I joined PEO in 2010 after spending 20 years as a professional engineer in BC. I quickly became a volunteer on the safety critical software subcommittee of Professional Standards Committee (PSC). After chairing the software subcommittee, I was invited to join PSC and have served that committee as member and chair.
Through my involvement with PSC over the past 6 years, I am an active participant in PEO discussions concerning standards and guidelines and have provided advice to Council on matters related to professional practice and legislative changes that affect engineering practice.
My background includes mechanical and electronic engineering, with emphasis on HVAC and combustion control. I am responsible for the operation and maintenance of $500 million in facility assets and oversee $50 million in capital projects.

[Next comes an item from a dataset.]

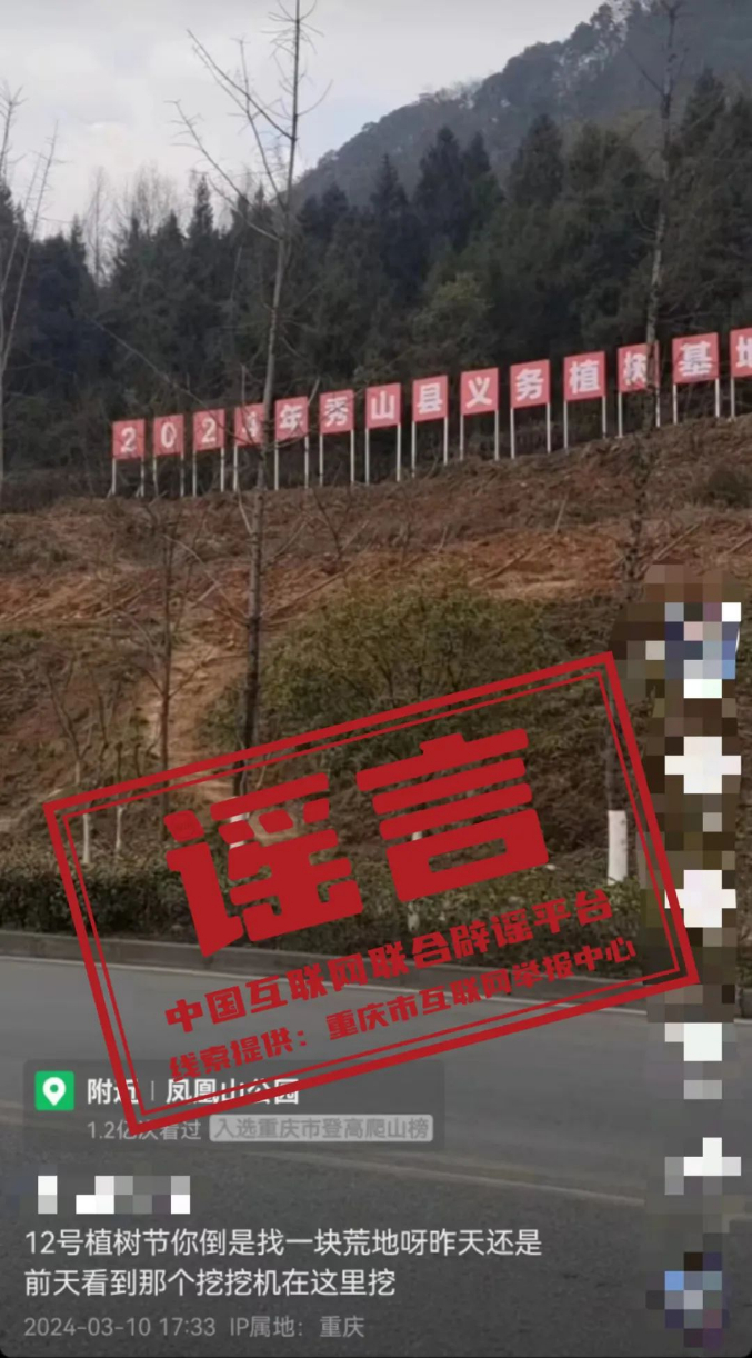 ??謠言:重慶市秀山縣鳳凰山公園把原有樹木挖了來辦植樹節(jié)?
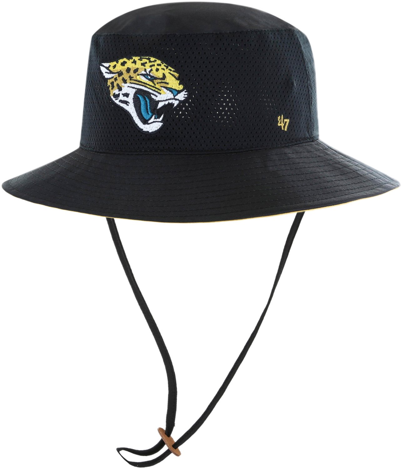 Kick back and relax with the '47 Jacksonville Jaguars Panama Pail Bucket Hat. The polyester material provides a comfortable feel, while the adjustable chin strap offers a custom fit. The mesh panels promote breathability, and the team logo shows off your Jags pride.

- Chair, Professional Standards Committee 2016-17
- National Framework Task Force 2014-16
- Professional Standards Committee 2012-17
- Chair, Safety Critical Software Subcommittee 2011-14
- Chapter Executive, Quinte Chapter of PEO 2011-12
- Safety Critical Software Subcommittee 2010-14
Issue Facing the Profession
I believe that Council has three important priorities:
- to serve and protect public interest
- to ensure that PEO regulates professional engineering in Ontario
- to ensure that PEO licensed members carry out that engineering
The first priority comes straight from the Professional Engineers Act 2.(3) as the principal object of PEO. The second priority relates to the effectiveness of regulation and to continue to be a self-regulated profession. The last priority deals with the value of the professional engineering licence and why engineers choose to be licensed.
Topics such as mobility, public confidence, retaining effective self-governance, and accreditation/licensure of new disciplines pose problems that require resolution in order to maintain the value of the engineering licence and the reputation of professional engineers.
In my opinion. public confidence is one of those challenges where the organization needs to engage all of its members in order to address this issue. CPD is only one part of retaining public confidence, and the whole public confidence issue should be examined in much greater detail, as it impacts on much of the work done by PEO, from enforcement to standards development to licensure.